>>>>

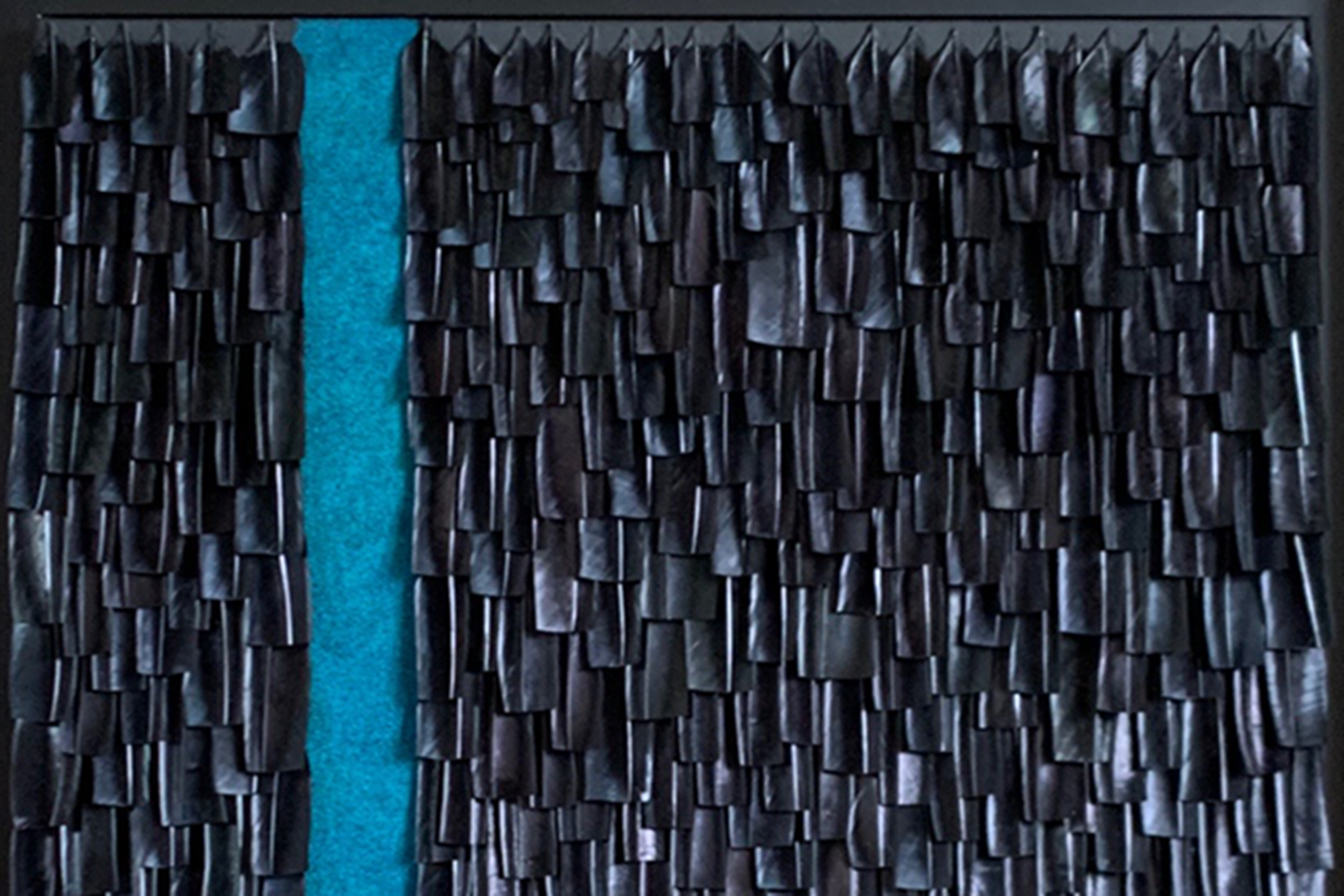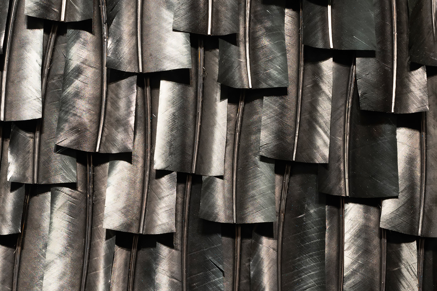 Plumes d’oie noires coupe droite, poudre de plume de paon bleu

<<<<
>>>>

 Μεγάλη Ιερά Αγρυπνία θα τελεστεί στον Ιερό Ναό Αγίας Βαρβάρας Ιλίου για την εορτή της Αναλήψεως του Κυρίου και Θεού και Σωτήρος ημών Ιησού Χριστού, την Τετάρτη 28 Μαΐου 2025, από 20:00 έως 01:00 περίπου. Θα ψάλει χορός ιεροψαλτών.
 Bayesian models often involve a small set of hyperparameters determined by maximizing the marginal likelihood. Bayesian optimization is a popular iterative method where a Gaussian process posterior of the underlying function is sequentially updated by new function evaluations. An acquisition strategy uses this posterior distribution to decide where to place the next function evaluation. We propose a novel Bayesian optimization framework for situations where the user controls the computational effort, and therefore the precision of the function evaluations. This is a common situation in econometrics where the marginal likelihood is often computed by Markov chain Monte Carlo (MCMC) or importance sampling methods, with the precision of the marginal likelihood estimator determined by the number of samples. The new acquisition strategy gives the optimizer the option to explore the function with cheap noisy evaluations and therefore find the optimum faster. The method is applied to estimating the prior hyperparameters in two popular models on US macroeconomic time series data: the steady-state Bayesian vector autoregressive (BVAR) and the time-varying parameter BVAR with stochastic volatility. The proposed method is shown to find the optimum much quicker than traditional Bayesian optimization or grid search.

<<<<

• **Problem requirements**: Please reproduce exactly the lines in the listing above from the one containing "Μεγάλη Ιερά Αγρυπνία" through the one containing "Bayesian models often", both included, and nothing more.

• **Result of the task**:
 Μεγάλη Ιερά Αγρυπνία θα τελεστεί στον Ιερό Ναό Αγίας Βαρβάρας Ιλίου για την εορτή της Αναλήψεως του Κυρίου και Θεού και Σωτήρος ημών Ιησού Χριστού, την Τετάρτη 28 Μαΐου 2025, από 20:00 έως 01:00 περίπου. Θα ψάλει χορός ιεροψαλτών.
 Bayesian models often involve a small set of hyperparameters determined by maximizing the marginal likelihood. Bayesian optimization is a popular iterative method where a Gaussian process posterior of the underlying function is sequentially updated by new function evaluations. An acquisition strategy uses this posterior distribution to decide where to place the next function evaluation. We propose a novel Bayesian optimization framework for situations where the user controls the computational effort, and therefore the precision of the function evaluations. This is a common situation in econometrics where the marginal likelihood is often computed by Markov chain Monte Carlo (MCMC) or importance sampling methods, with the precision of the marginal likelihood estimator determined by the number of samples. The new acquisition strategy gives the optimizer the option to explore the function with cheap noisy evaluations and therefore find the optimum faster. The method is applied to estimating the prior hyperparameters in two popular models on US macroeconomic time series data: the steady-state Bayesian vector autoregressive (BVAR) and the time-varying parameter BVAR with stochastic volatility. The proposed method is shown to find the optimum much quicker than traditional Bayesian optimization or grid search.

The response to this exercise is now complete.